A big fall in gold output will come from mine closures – by Lawrie Williams (Mineweb.com – August 5, 2015)

http://www.mineweb.com/

Consultancy Metals Focus forecasts gold output to fall as unprofitable mines are shut.

LONDON – Taking All-in Sustaining Costs (AISC) figures, precious metals consultancy Metals Focus reckons that just short of a quarter of global new mined gold output is running at a loss at an $1100/ounce gold price, and falls below that level will add to this quite sharply.

The consultancy’s global cost curve covers gold mines providing around half the global gold output of 1,650 tonnes. Metals Focus estimates that as much as half of annual new mined production in their survey, i.e. 400 tonnes, will be uneconomic at current prices.

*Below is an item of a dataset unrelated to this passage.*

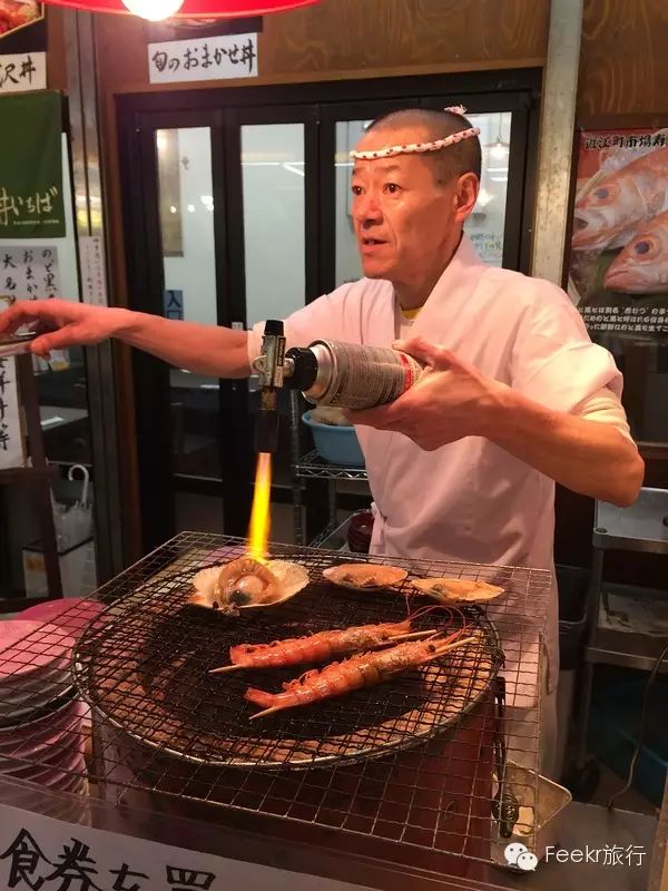走到这家店的时候,我被老板深深的吸引住了。光头老板带着头绳,不停的叫哪里有这么便宜的海鲜啦,哪里有这么新鲜的海鲜啦,现买现烤最好吃啦~~我就乖乖掏出钱包,买了一个1000日元的套餐,包括2个大虾,3个贝壳(2个品种)。他现场用喷枪烤熟,我眼看着火烧的贝壳卷了起来,那种气氛一定要现场看到才能感受到。↓↓↓

Presumably extrapolating this figure across total global gold output would thereby suggest that as much as 800 tonnes of production could currently be running at a loss.

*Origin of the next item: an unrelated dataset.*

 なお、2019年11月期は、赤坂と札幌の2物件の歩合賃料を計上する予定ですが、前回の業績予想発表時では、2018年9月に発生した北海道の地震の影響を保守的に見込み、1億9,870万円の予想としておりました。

But the consultancy notes, this doesn’t mean that any of the production will fall away through closures and cutbacks, not until the gold price downturn is more prolonged or more severe. It notes that there may be substantial costs involved in closing an operating mine down, which may mean it is less costly to keep the mine producing at some level – perhaps high grading where this is an option (which may actually increase output).

As the consultancy points out in its latest Precious Metals Weekly newsletter, firstly, closing a mine in itself is often a very costly undertaking. The workforce may be entitled to some redundancy or retraining payments. Decommissioning of the process plant and mining equipment, as well as reclamation of the land and watercourses, and other environmental-related site rehabilitation also has to be accounted for.

Because of this, rather than closing an operation, mining companies will often be prepared to operate at a loss in the short term in the hope that the gold price will make something of a recovery although sentiment seems to be so anti-gold at the moment it is hard to see this happening in the short term.